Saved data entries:
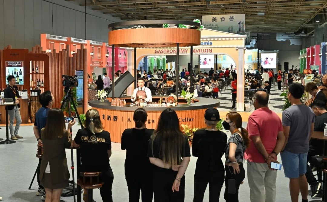同場(chǎng)設(shè)“美食薈”,18家本地美食展商參展,本屆亦首設(shè)“美酒薈”,來自內(nèi)地、香港和澳門共16間酒商參展,銷售美酒及相關(guān)產(chǎn)品。“美酒薈”現(xiàn)場(chǎng)設(shè)有葡萄酒釀製工藝介紹入門證書課程、品酒工作坊、澳門啤酒製作工藝及知識(shí)講解會(huì)和澳門啤酒競(jìng)飲大賽等活動(dòng)讓公眾參與,反應(yīng)踴躍。澳門六家綜合度假休閒企業(yè)的調(diào)酒師帶來創(chuàng)意調(diào)酒表演,氣氛熱鬧。
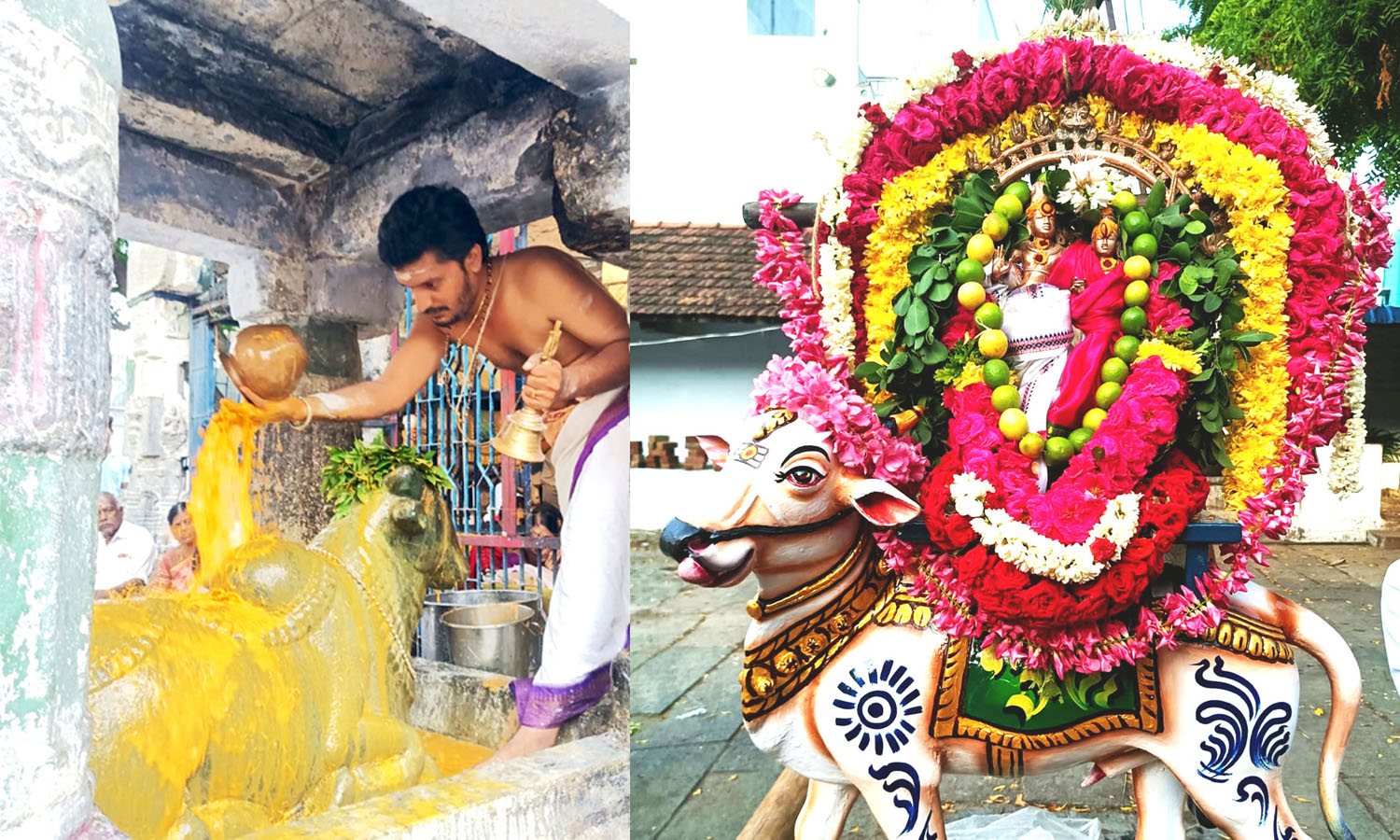இதையொட்டி முதலில் மூலவருக்கு சிறப்பு அபிஷேகம் நடைபெற்றது. அதனைத் தொடர்ந்து நந்திக்கு பல்வேறு வகையான வாசனை திரவியங்கள் மற்றும் பழங்களைக் கொண்டு சிறப்பு அபிஷேகம் மற்றும் ஆரா தனைகள் நடைபெற்றது.
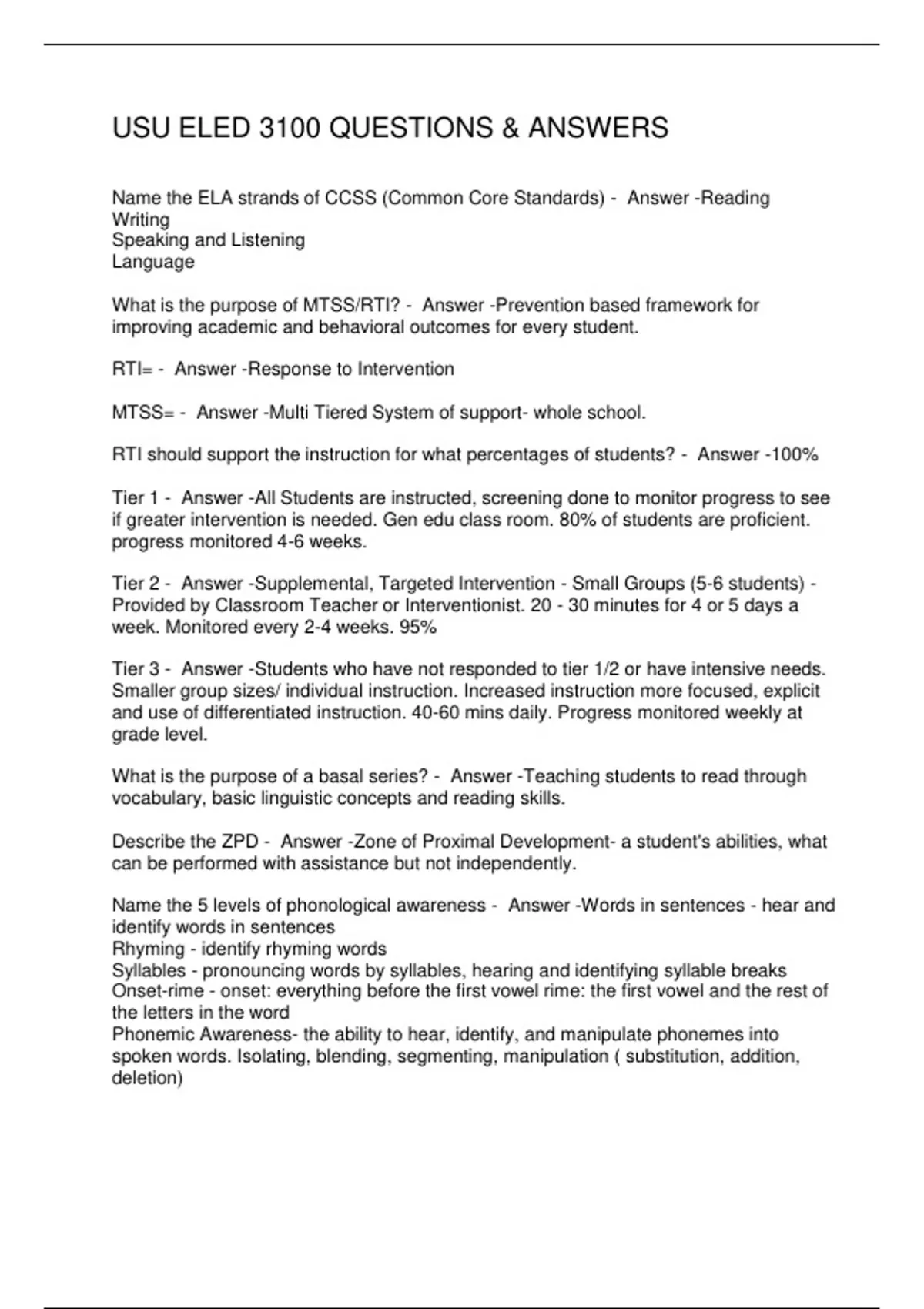 USU ELED 3100 QUESTIONS & ANSWERS What is the single most distinguishing feature about phonemic awareness? - Answer -It's all sound and images, no text What are phonemes? - Answer -The smallest unit of sound Ex: spoon has 4 phonemes What is a consonant blend? - Answer -2 or more consonants that make 2 sounds. example: blend What is a consonant digraph? - Answer -2 consonants that make 1 sound. example: shoe What is a diphthong? - Answer -A diphthong is a sound that is formed by the combination of two vowels in a single syllable, and the sound begins as one vowel and moves to another. example: boy, coin, oil What are decodable words? - Answer -Non-sight words/high frequency words that can be broken into parts to figure out what a word is example: sub-sti-tute What is onset-rime? - Answer -onset is everything in a word before the first vowel rime is the first vowel and everything that comes after it example: the word scratch onset = scr rime = atch What is morphemic analysis? - Answer -Morphemic analysis is the strategy used to find the meaning of a word by examining its meaningful
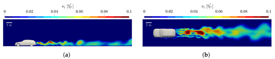 The recirculation zone behind the vehicle is confined to the near wake and is in the order of magnitude of a vehicle length. This region is of particular importance, since the convective flow velocity tends to zero toward the center of the recirculation zone and, in particular, turbulent velocity fluctuations increase compared to the free-stream region. Consequently, Reynolds stresses are increased in this region, which enhances turbulent mixing. Based on the modeling assumptions made, this is summarized by the eddy viscosity. As can be seen in Figure 6, this is at a maximum of in the wake of the vehicle. In contrast, the kinematic viscosity is 1.55 m/s.
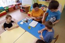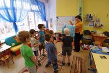Незнайка старался не только слушать, но и задавать вопросы, а также развлекал ребят разными играми, такими как пальчиковая гимнастика «Рыбка плавает в водичке», игра «Буль-Буль», веселая игра «Это я, это я, это все мои друзья» и др.
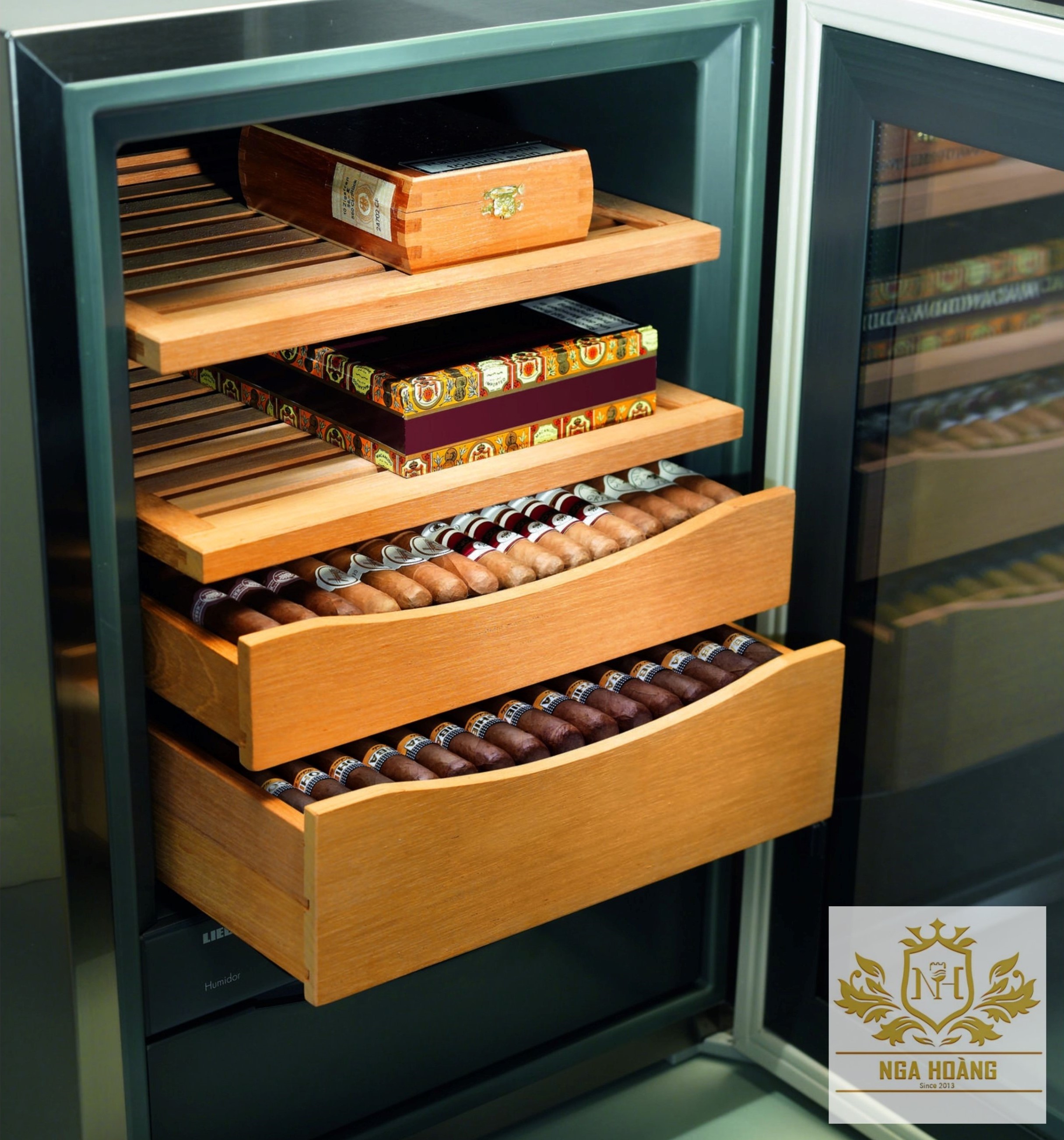 Đặc biệt, tủ ủ giữ ẩm này có nhiều ngăn để bảo quản xì gà. Đảm bảo gọn gàng, sạch sẽ và ngăn nắp. Hạn chế các tình trạng hư hỏng trong quá trình bảo quản xì gà. Bản thân tủ ủ giữ ẩm được chế tạo hết sức công phu.
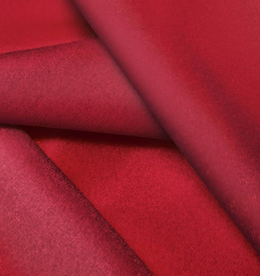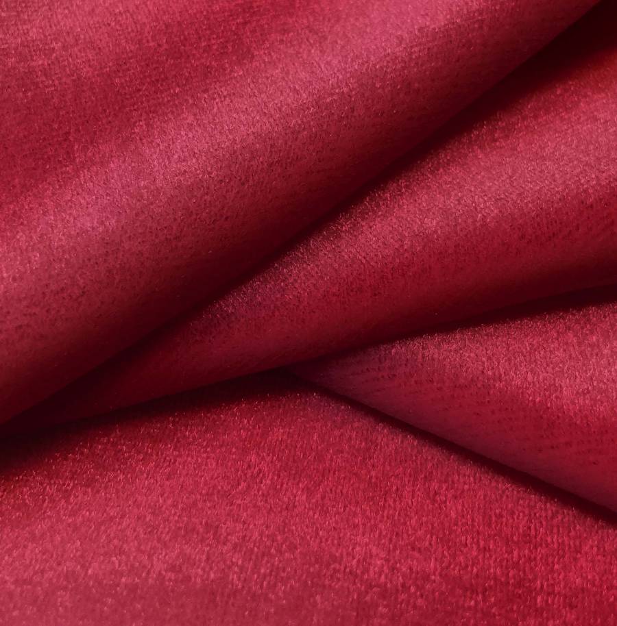 La tela base Terciopelo Retro - Paris es un terciopelo brillante y elástico en tono rojo carmín, con una composición de 93% poliéster y 7% elastano, representado por un CMYK de 26 100 91 28. Este color simboliza pasión y elegancia, combinando perfectamente con tonos neutros como blanco, negro y dorado.
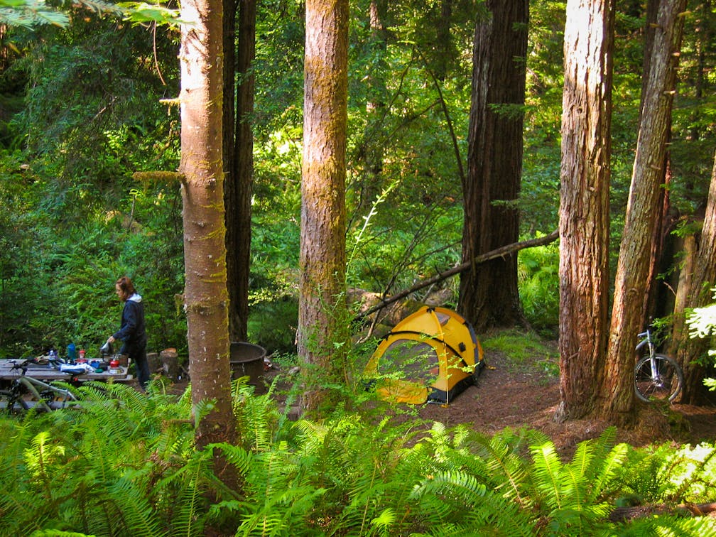 You can hike to the campsites but we recommend bringing your bike to ride the 2 miles in. Each site has a picnic table and all are nestled among coastal redwoods in a fern canyon along the Little River. Beautiful. Spend some time exploring.
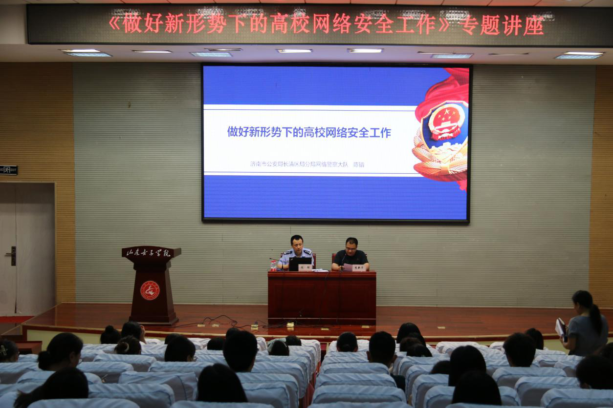 为贯彻落实习近平总书记在全国网络安全和信息化工作会议上“深入开展网络安全知识技能宣传普及,提高广大人民群众网络安全意识和防护技能”的重要讲话精神,进一步提高师生网络安全意识,做好网络安全工作,6月23日下午,学校在图书馆一楼报告厅举办网络安全专题讲座,邀请济南市公安局长清区分局网络警察大队副大队长陈锴作题为《做好新形势下的高校网络安全工作》的专题报告。报告会由网络信息中心负责人主持,学校各部门、单位安全员,全体辅导员、学生安全志愿者和网络信息中心全体人员共120余人聆听报告。
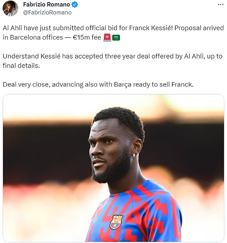 Кессиэ согласился на 3-летний контракт, предложенный «Аль-Ахли», а также со всеми деталями соглашения. Сделка близка к завершению, «Барса» готова продать Франка».

Your assignment: Please repeat every record above exactly, but leave out the pictures.

Task response:
同場(chǎng)設(shè)“美食薈”,18家本地美食展商參展,本屆亦首設(shè)“美酒薈”,來自內(nèi)地、香港和澳門共16間酒商參展,銷售美酒及相關(guān)產(chǎn)品。“美酒薈”現(xiàn)場(chǎng)設(shè)有葡萄酒釀製工藝介紹入門證書課程、品酒工作坊、澳門啤酒製作工藝及知識(shí)講解會(huì)和澳門啤酒競(jìng)飲大賽等活動(dòng)讓公眾參與,反應(yīng)踴躍。澳門六家綜合度假休閒企業(yè)的調(diào)酒師帶來創(chuàng)意調(diào)酒表演,氣氛熱鬧。
இதையொட்டி முதலில் மூலவருக்கு சிறப்பு அபிஷேகம் நடைபெற்றது. அதனைத் தொடர்ந்து நந்திக்கு பல்வேறு வகையான வாசனை திரவியங்கள் மற்றும் பழங்களைக் கொண்டு சிறப்பு அபிஷேகம் மற்றும் ஆரா தனைகள் நடைபெற்றது.
 USU ELED 3100 QUESTIONS & ANSWERS What is the single most distinguishing feature about phonemic awareness? - Answer -It's all sound and images, no text What are phonemes? - Answer -The smallest unit of sound Ex: spoon has 4 phonemes What is a consonant blend? - Answer -2 or more consonants that make 2 sounds. example: blend What is a consonant digraph? - Answer -2 consonants that make 1 sound. example: shoe What is a diphthong? - Answer -A diphthong is a sound that is formed by the combination of two vowels in a single syllable, and the sound begins as one vowel and moves to another. example: boy, coin, oil What are decodable words? - Answer -Non-sight words/high frequency words that can be broken into parts to figure out what a word is example: sub-sti-tute What is onset-rime? - Answer -onset is everything in a word before the first vowel rime is the first vowel and everything that comes after it example: the word scratch onset = scr rime = atch What is morphemic analysis? - Answer -Morphemic analysis is the strategy used to find the meaning of a word by examining its meaningful
 The recirculation zone behind the vehicle is confined to the near wake and is in the order of magnitude of a vehicle length. This region is of particular importance, since the convective flow velocity tends to zero toward the center of the recirculation zone and, in particular, turbulent velocity fluctuations increase compared to the free-stream region. Consequently, Reynolds stresses are increased in this region, which enhances turbulent mixing. Based on the modeling assumptions made, this is summarized by the eddy viscosity. As can be seen in Figure 6, this is at a maximum of in the wake of the vehicle. In contrast, the kinematic viscosity is 1.55 m/s.
Незнайка старался не только слушать, но и задавать вопросы, а также развлекал ребят разными играми, такими как пальчиковая гимнастика «Рыбка плавает в водичке», игра «Буль-Буль», веселая игра «Это я, это я, это все мои друзья» и др.
 Đặc biệt, tủ ủ giữ ẩm này có nhiều ngăn để bảo quản xì gà. Đảm bảo gọn gàng, sạch sẽ và ngăn nắp. Hạn chế các tình trạng hư hỏng trong quá trình bảo quản xì gà. Bản thân tủ ủ giữ ẩm được chế tạo hết sức công phu.
 La tela base Terciopelo Retro - Paris es un terciopelo brillante y elástico en tono rojo carmín, con una composición de 93% poliéster y 7% elastano, representado por un CMYK de 26 100 91 28. Este color simboliza pasión y elegancia, combinando perfectamente con tonos neutros como blanco, negro y dorado.
 You can hike to the campsites but we recommend bringing your bike to ride the 2 miles in. Each site has a picnic table and all are nestled among coastal redwoods in a fern canyon along the Little River. Beautiful. Spend some time exploring.
 为贯彻落实习近平总书记在全国网络安全和信息化工作会议上“深入开展网络安全知识技能宣传普及,提高广大人民群众网络安全意识和防护技能”的重要讲话精神,进一步提高师生网络安全意识,做好网络安全工作,6月23日下午,学校在图书馆一楼报告厅举办网络安全专题讲座,邀请济南市公安局长清区分局网络警察大队副大队长陈锴作题为《做好新形势下的高校网络安全工作》的专题报告。报告会由网络信息中心负责人主持,学校各部门、单位安全员,全体辅导员、学生安全志愿者和网络信息中心全体人员共120余人聆听报告。
 Кессиэ согласился на 3-летний контракт, предложенный «Аль-Ахли», а также со всеми деталями соглашения. Сделка близка к завершению, «Барса» готова продать Франка».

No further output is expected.